The State of the Onion 10[edit]

Taken from The State of the Onion 10

  • If there's a particular problem that Perl is trying to solve, it's the basic fact that all programming languages suck. Sort of the concept of original sin, applied to programming languages.
  • There are a lotta computer languages out there doing drugs.

The State of the Onion 11[edit]

Taken from The State of the Onion 11 ("Programming is Hard. Let's Go Scripting").

  • Suppose you went back to Ada Lovelace and asked her the difference between a script and a program. She'd probably look at you funny, then say something like: Well, a script is what you give the actors, but a program is what you give the audience. That Ada was one sharp lady...
  • I started out as a BASIC programmer. Some people would say that I'm permanently damaged. Some people are undoubtedly right... But I'm not going to apologize for that. All language designers have their occasional idiosyncracies. I'm just better at it than most.
  • But you could do extreme programming. In fact, I had a college buddy I did pair programming with. We took a compiler writing class together and studied all that fancy stuff from the dragon book. Then of course the professor announced we would be implementing our own language, called PL/0. After thinking about it a while, we announced that we were going to do our project in BASIC. The professor looked at us like we were insane. Nobody else in the class was using BASIC. And you know what? Nobody else in the class finished their compiler either. We not only finished but added I/O extensions, and called it PL 0.5. That's rapid prototyping.
  • Is LISP a candidate for a scripting language? While you can certainly write things rapidly in it, I cannot in good conscience call LISP a scripting language. By policy, LISP has never really catered to mere mortals... And, of course, mere mortals have never really forgiven LISP for not catering to them.
  • As a linguist, I don't think of Ada as a big language. Now, English and Japanese, those are big languages. Ada is just a medium-sized language.

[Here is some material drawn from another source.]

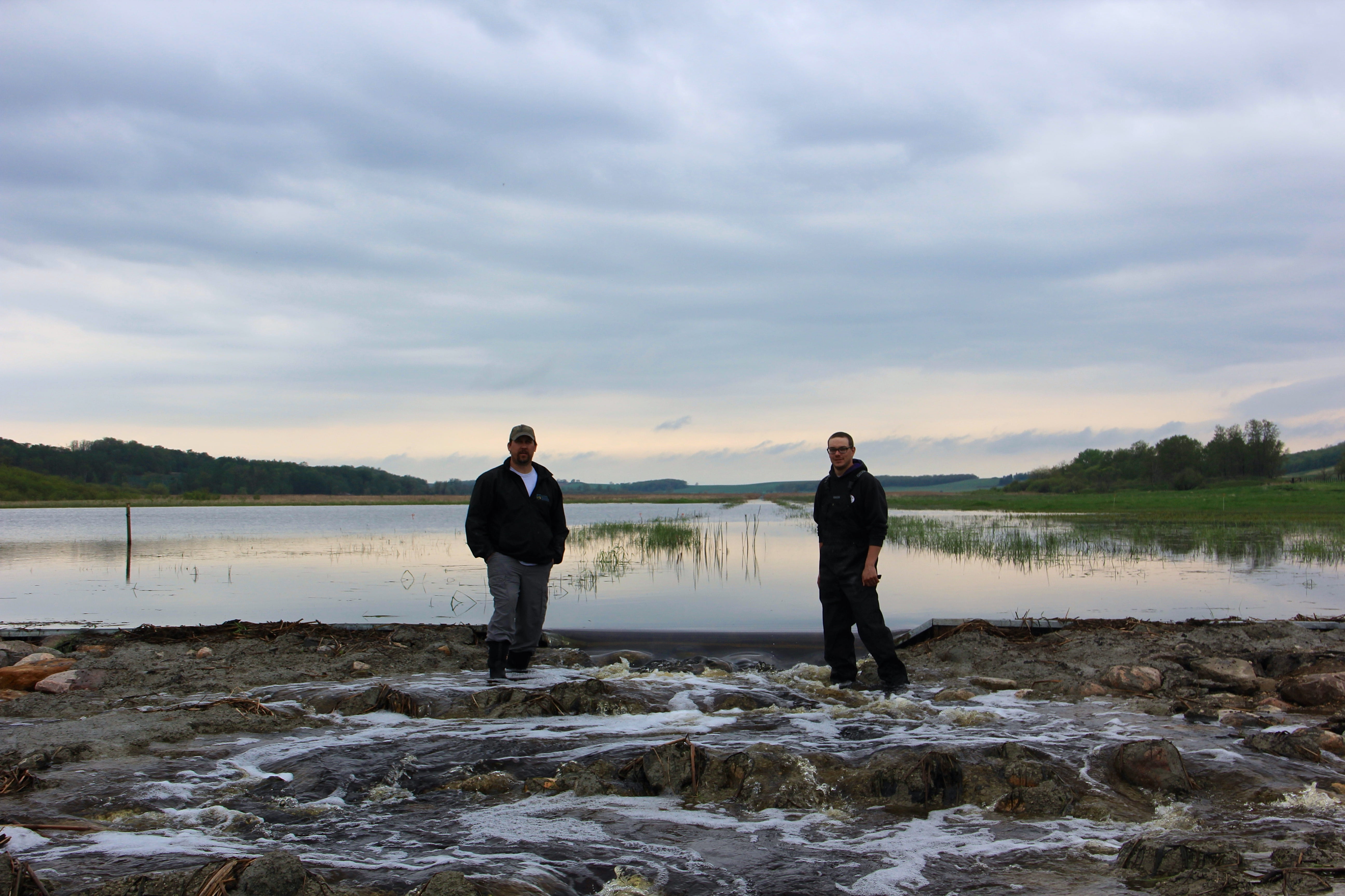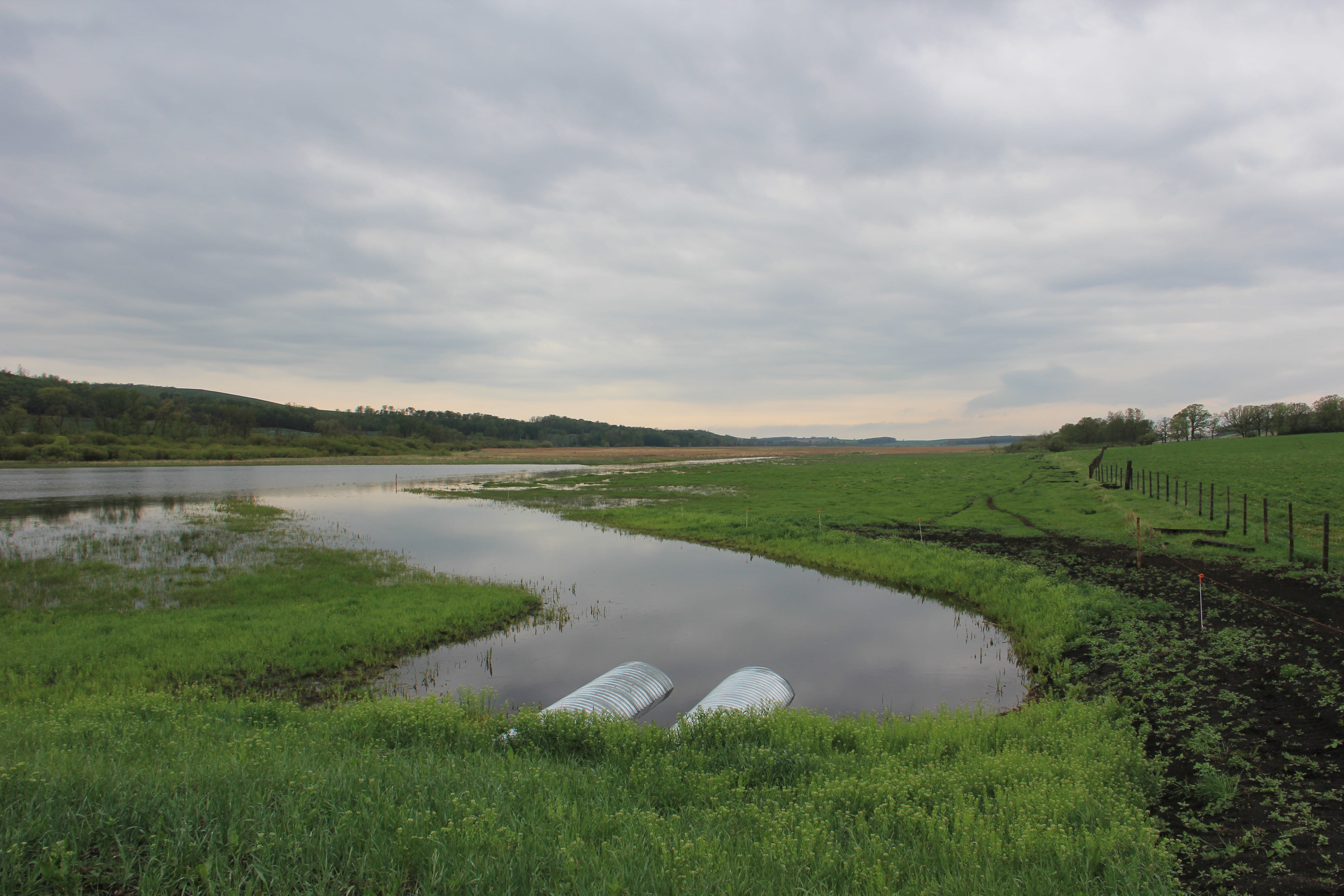 As part of Laura Blunden’s summer experience with the Watershed Systems Research Program (WSRP), she played an instrumental role in partnering with various stakeholders and was fortunate to attend the Manitoba Conservation District Association’s (MCDA) tour. The tour was held on June 16, 2015 by the LaSalle Redboine Conservation District for the Pelly’s Lake watershed management project. During the tour, conservation and municipal officials opened the culvert gates that released water held from spring melt at Pelly’s Lake. The LaSalle Redboine Conservation District built the Pelly’s Lake dam last year in collaboration with many landowners who donated portions of their property for the project. This initiative allows the valley to back flood and mimic how the water would naturally flow over the landscape over time. The slower flow reduces flooding, improves habitat protection, and allows for cattails to take up the phosphorous from the water. The water is held in Pelly’s Lake wetland as part of a water management strategy in which every year approximately 5,000 kg of phosphorous are prevented from draining into Lake Winnipeg through the use of cattails. The International Institute for Sustainable Development (IISD) performed a cattail harvesting demonstration during the tour where participants learned about the uses of harvested cattails, including transforming them into biofuels and soil amendment products; meaning farmers no longer have to import soil amendment products from such long distances. CTV was present on site to conduct a news report of the event, which can be seen here: http://winnipeg.ctvnews.ca/video?clipId=637306&playlistId=1.2425850&binId=1.1164782&playlistPageNum=1&fb_action_ids=10153468942578112&fb_action_types=og.shares

Larry Wall Speaks at Google (2008)[edit]

Video on YouTube.

  • The only reason I've managed to run this open source project, is that I have learned to delegate even the delegation to other people. (final words of the video).

IRC[edit]

Note: On IRC, Wall uses the nickname "TimToady" (the phonetic equivalent of TIMTOWTDI, which are the initials of the Perl Motto "There is More Than One Way to Do it").

<TimToady>  TimToady's Lament: The pain in reign falls mainly in the 'splain.

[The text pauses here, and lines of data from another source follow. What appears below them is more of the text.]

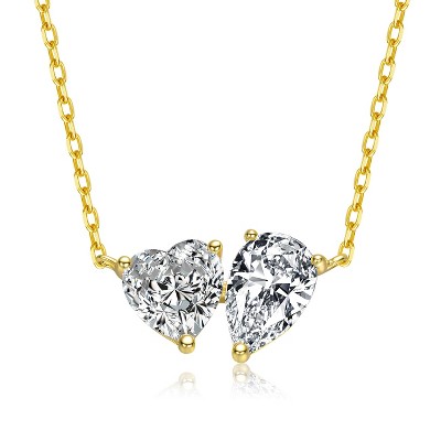 Guili 14K Gold-Plated Double Heart & Pear Pendant Necklace with Sparkling Cubic Zirconia in White or Gold – Elegant and Thoughtful Gift for Women
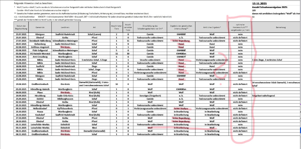 Aktueller Auszug aus der Rissliste. Auch seit Sommer ist immer noch kein einziges Tier geschützt gewesen. Auch „nicht definiert“ ist nicht geschützt. Dazu gibt es etliche Widersprüche, bei Hunderissen lautet das Ergebnis „Todesursache unbestimmt“. Quelle: https://umwelt.thueringen.de/fileadmin/001_TMUEN/Unsere_Themen/Natur_Artenschutz/Wolf_Luchs_Biber/Schadenereignisse/Schadenstabelle_Nutztiere.pdf
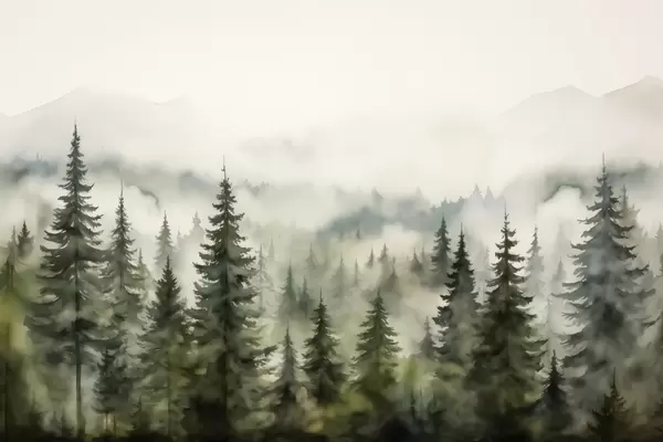 Poster Pădure verde pe fundal de munți munți și ceață acuarelă Nr f41241

Freenode's #perl6 on 26 February, 2007. Source.

Other[edit]

  • [Boxed] Multiple bouncing balls in a box are a metaphor for community. Notice how the escaping balls explode. This is what happens to people who move from Perl to Ruby.
  • ...Then you start building things like the Berlin wall to keep people inside your community. In anthropological terms, that's tribalism. A tribal Perl programmer might say, "If you leave the Perl tribe to go and join the Python tribe, we will hunt you down, cook you, and eat you." Or if you join the Ruby tribe, you will explode. By and large, I am not in favor of tribalism. Except for my tribe, of course.
    • ibid.
  • The three chief virtues of a programmer are: Laziness, Impatience and Hubris.
    • From the glossary of the first Programming Perl book.
  • The problem with being consistent is that there are lots of ways to be consistent, and they're all inconsistent with each other.
  • There's really no way to fix this and still keep Perl pathologically eclectic.
    • Larry Wall, Tom Christiansen, and Jon Orwant, Programming Perl, third edition, section 3.10.